Expert comment: Liz Truss's energy plan

Categories: Salford Business School

New Prime Minister Liz Truss today announced plans to tackle the energy crisis. Bills will be capped at £2,400 for the next two years. But what does this mean for the economy? Economic expert Tony Syme gives his view.

Tony said: "It comes eight months since the French government imposed a price cap. Acting so early in the crisis and with the energy giant EDF under state control, the cost to the company is estimated to be £15bn this year. With today’s announcement, the cost to the UK government is estimated to be £130bn-£150bn. That’s quite a difference.

"How this will be paid will be set out in the Chancellor’s fiscal statement later month, but one thing is clear for now. It will be taxpayers who will fund this government borrowing, rather than the energy companies who are making record profits.

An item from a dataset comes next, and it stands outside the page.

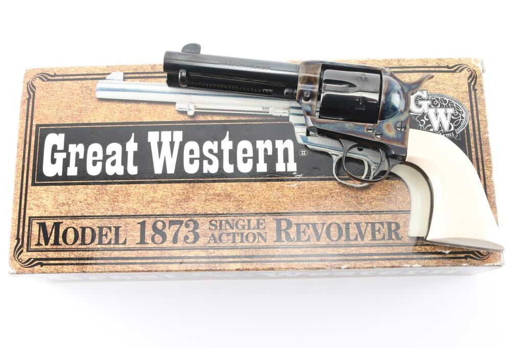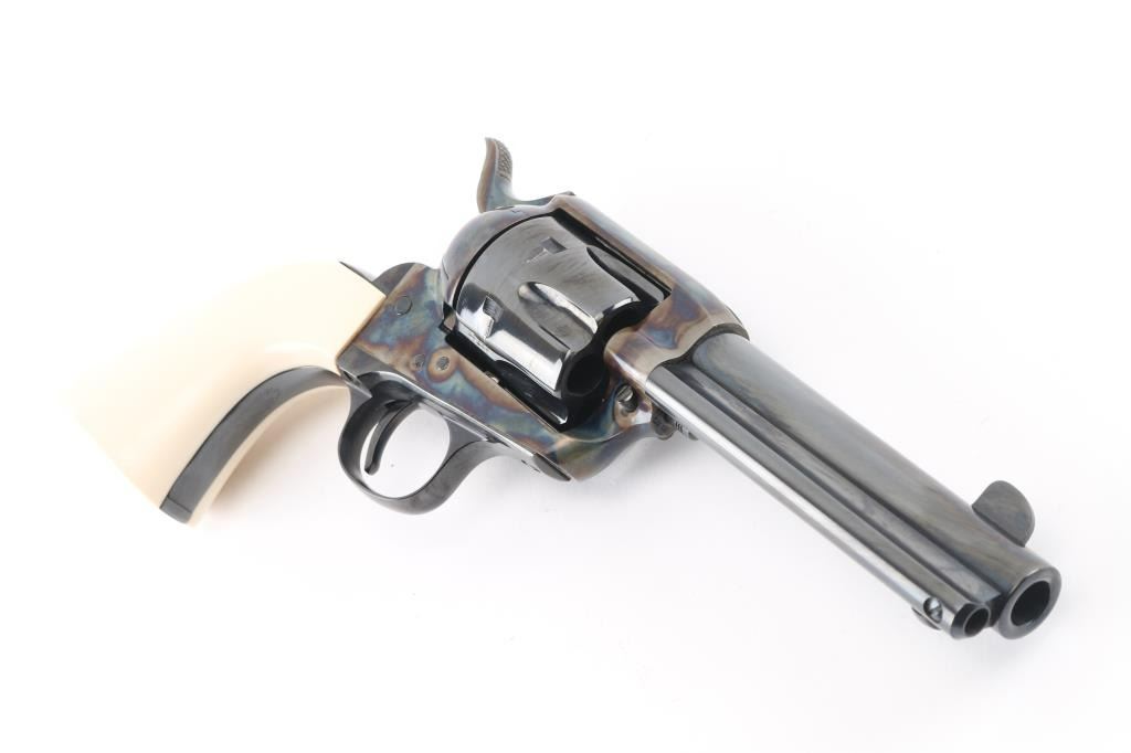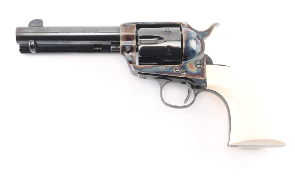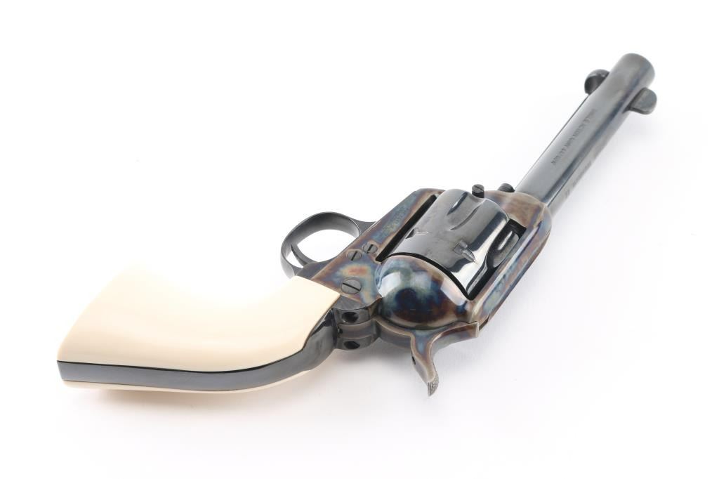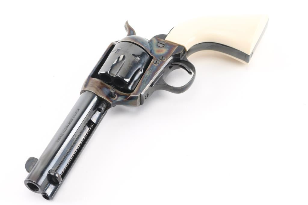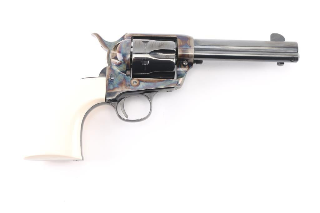 'Californian' Italian made single action six-shot revolver imported by EMF, Santa Ana CA. Close copy of the Colt 1873 Single Action Army, chambered for 44-40 Winchester cartridges. Features blued finish (with case colored frame, loading gate, hammer), 4 3/4" barrel, blade front sight, square notched rear sight, smooth thin trigger, knurled hammer spur, fluted cylinder, ejector rod, one piece smooth Tru Ivory polymer grip. Overall like new condition with minor handling marks. Includes extra one piece smooth walnut grip, factory box with paperwork. Condition is NRA Excellent - like new *** Modern Firearm ***

"Will it ease the cost-of-living crisis? No. Even with the one-off £400 discount, the typical household bill will rise from the current cap of £1,971 to £2,100 next month, before rising to £2,500 in January. The price cap was £1,277 in March.

"The imposition of a price cap is very welcome, but far too late. Inflation has been allowed to rise unchecked and an autumn of strikes is looming as pay has failed to keep pace. The time for government borrowing had been when interest rates were so low. They are now rising while declining confidence in the UK economy has seen the pound fall to its lowest value since the 1980s. That is the price of previous inaction and we will all now pay the cost."